Menurut beberapa perusahaan yang berinvestasi di pabrik pengolahan dan pengemasan pisang untuk ekspor di provinsi tersebut, posisi pisang segar Vietnam di pasar internasional semakin meningkat. Dong Nai, khususnya, adalah "ibu kota" budidaya pisang kultur jaringan untuk ekspor di negara ini. Banyak daerah di provinsi tersebut telah membentuk area budidaya khusus berskala besar, menciptakan kondisi yang menguntungkan untuk menarik bisnis berinvestasi di pabrik pengolahan dan pengemasan untuk ekspor tepat di wilayah penghasilnya.
Ketua Dewan Direksi Perusahaan Gabungan Teknologi Pangan Luong Gia (berkantor pusat di Kota Ho Chi Minh), Ho Quoc Thai, menyampaikan bahwa perusahaan telah berinvestasi di dua pabrik pengolahan buah di Dong Nai.
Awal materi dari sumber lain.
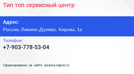 Тип-топ, сервисный центр по адресу Бристоль, 1А, улица Кирова, Посёлок Кировский, Ликино-Дулёво, Орехово-Зуевский городской округ, Московская область, Центральный федеральный округ, 142670, Россия в дальнейшем Организация, размещена в следующих категориях:

Perusahaan memilih untuk berinvestasi di Dong Nai karena lokasi geografisnya yang sangat menguntungkan untuk produksi, terutama daerah Long Khanh, yang merupakan pusat perdagangan yang sangat baik dengan jalan tol yang menghubungkan dari Delta Mekong dan menghubungkan ke provinsi-provinsi di wilayah Tengah dan Dataran Tinggi Tengah. Selain itu, dukungan yang sangat aktif dari pemerintah provinsi dan daerah, serta departemen dan instansi terkait di Dong Nai, juga memotivasi perusahaan untuk berkomitmen secara percaya diri terhadap bisnis ini.
Provinsi dan kota-kota khas di wilayah Tenggara, seperti Kota Ho Chi Minh, Dong Nai, Binh Duong, dan Ba Ria - Vung Tau, membentuk pusat-pusat penyediaan dan pengolahan produk pertanian, serta rantai logistik khusus yang menghubungkan konsumsi produk pertanian. Secara khusus, daerah-daerah di Tenggara ini bekerja sama erat dalam membangun dan mengembangkan pasar konsumsi produk pertanian untuk seluruh wilayah.